**What this task involves**
Everything from the line with "This calendar features" to the final line of the entries, both included, should be restated word for word; please omit the pictures.

(Data for analysis)

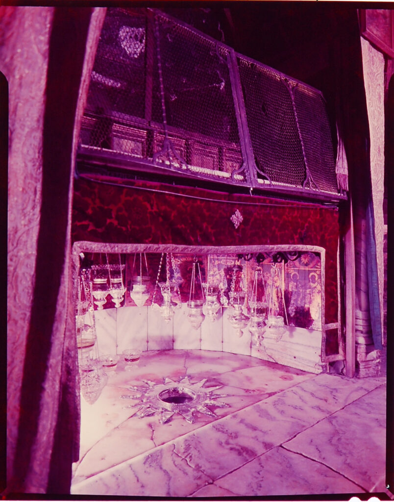 In the Grotto of the Nativity, the sacred site of Christ’s birth was marked by a silver star on the floor, with a hole in the middle for pilgrims to peer through, 1955.
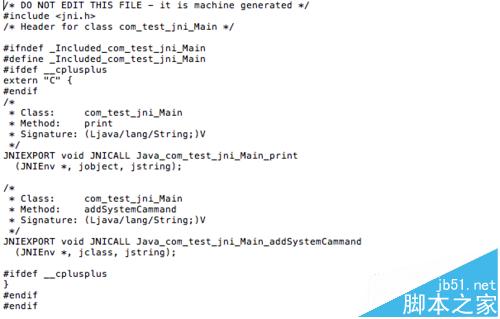 2、進入bin文件夾,在命令行中輸入javah -jni com.test.jni.Main以創建c++頭文件。頭文件中包含兩個native方法的c++寫法。
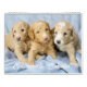 This calendar features several adorable golden doodle puppies.
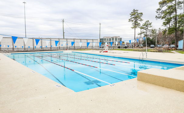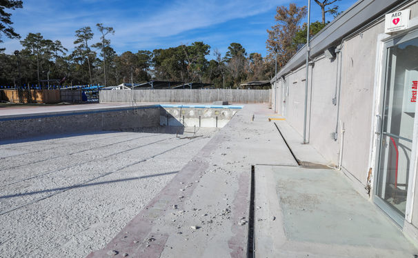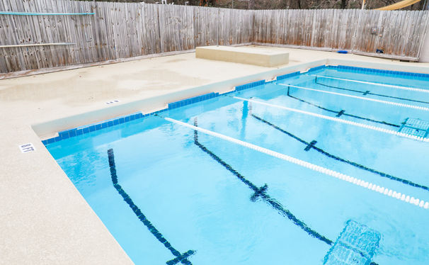 The outdoor, 5-lane competition and lesson pool at the Dad's Club in Spring Valley was first built in the 1950s. The plaster was very discolored and the deck needed some work. Progressive was able to completely strip the 33-yard uniquely-shaped polygonal pool, and replace over 5,000-square-feet of plaster. The surrounding deck areas were also recoated, some missing and chipped blue tile was replaced, and black tile was added to both stair entries.
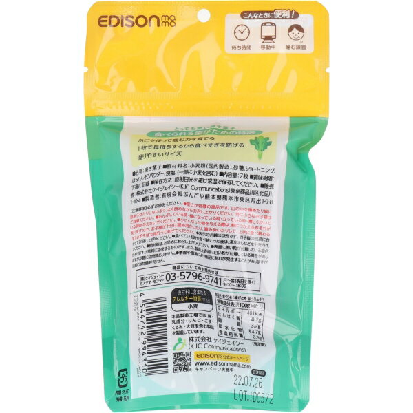 エジソンママ 食べられる歯がため むらさきいも 7枚入エジソンママ 食べられる歯がため とうもろこし 7枚入エジソンママ 食べられる歯がため かぼちゃ 7枚入【エジソンママ 食べられる歯がため ほうれんそう 7枚入】広告文責(有)イースクエアTEL:0120-532-772株式会社ケイジェイシー個装サイズ:110X180X40mm個装重量:約80g内容量:7枚入ケースサイズ:60X31.5X24.5cmケース重量:約6.4kg製造国:日本【発売元:ケイジェイシー】【名称】焼き菓子【原材料】小麦粉(国内製造)、砂糖、ショートニング、ほうれんそうパウダー、食塩、(一部に小麦を含む)【栄養成分(100g当たり)】エネルギー:401kcaLタンパク質:8.2g脂質:3.7g炭水化物:83.7g食塩相当量:0.3g【保存方法】直射日光を避け常温で保存してください。
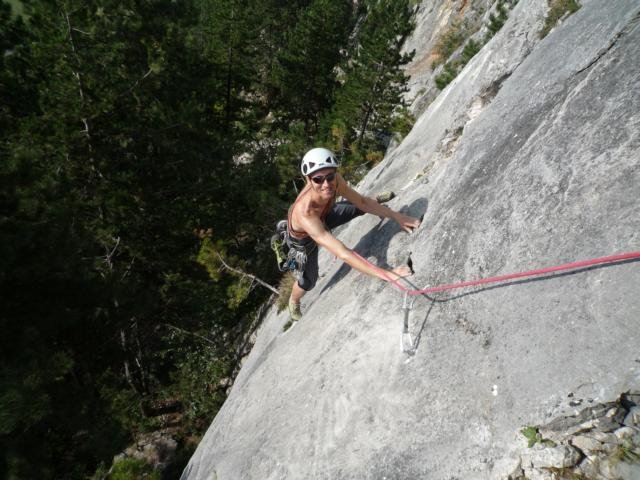 Auf grund der vielen Bolts ist die Tour gut 6/A0 kletterbar.
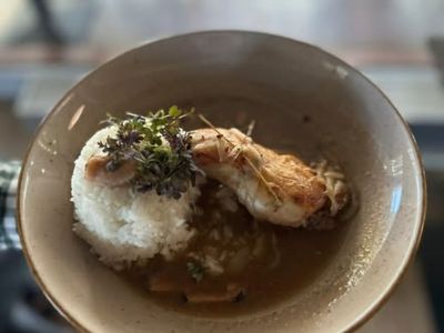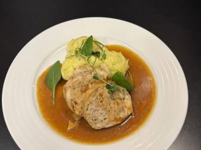 Lehce opečené filírované kuřecí prso na bylinkách, šťouchaný brambor se slaninou a cibulí

(End Data for analysis)

**Response to the task**
 This calendar features several adorable golden doodle puppies.
 The outdoor, 5-lane competition and lesson pool at the Dad's Club in Spring Valley was first built in the 1950s. The plaster was very discolored and the deck needed some work. Progressive was able to completely strip the 33-yard uniquely-shaped polygonal pool, and replace over 5,000-square-feet of plaster. The surrounding deck areas were also recoated, some missing and chipped blue tile was replaced, and black tile was added to both stair entries.
 エジソンママ 食べられる歯がため むらさきいも 7枚入エジソンママ 食べられる歯がため とうもろこし 7枚入エジソンママ 食べられる歯がため かぼちゃ 7枚入【エジソンママ 食べられる歯がため ほうれんそう 7枚入】広告文責(有)イースクエアTEL:0120-532-772株式会社ケイジェイシー個装サイズ:110X180X40mm個装重量:約80g内容量:7枚入ケースサイズ:60X31.5X24.5cmケース重量:約6.4kg製造国:日本【発売元:ケイジェイシー】【名称】焼き菓子【原材料】小麦粉(国内製造)、砂糖、ショートニング、ほうれんそうパウダー、食塩、(一部に小麦を含む)【栄養成分(100g当たり)】エネルギー:401kcaLタンパク質:8.2g脂質:3.7g炭水化物:83.7g食塩相当量:0.3g【保存方法】直射日光を避け常温で保存してください。
 Auf grund der vielen Bolts ist die Tour gut 6/A0 kletterbar.
 Lehce opečené filírované kuřecí prso na bylinkách, šťouchaný brambor se slaninou a cibulí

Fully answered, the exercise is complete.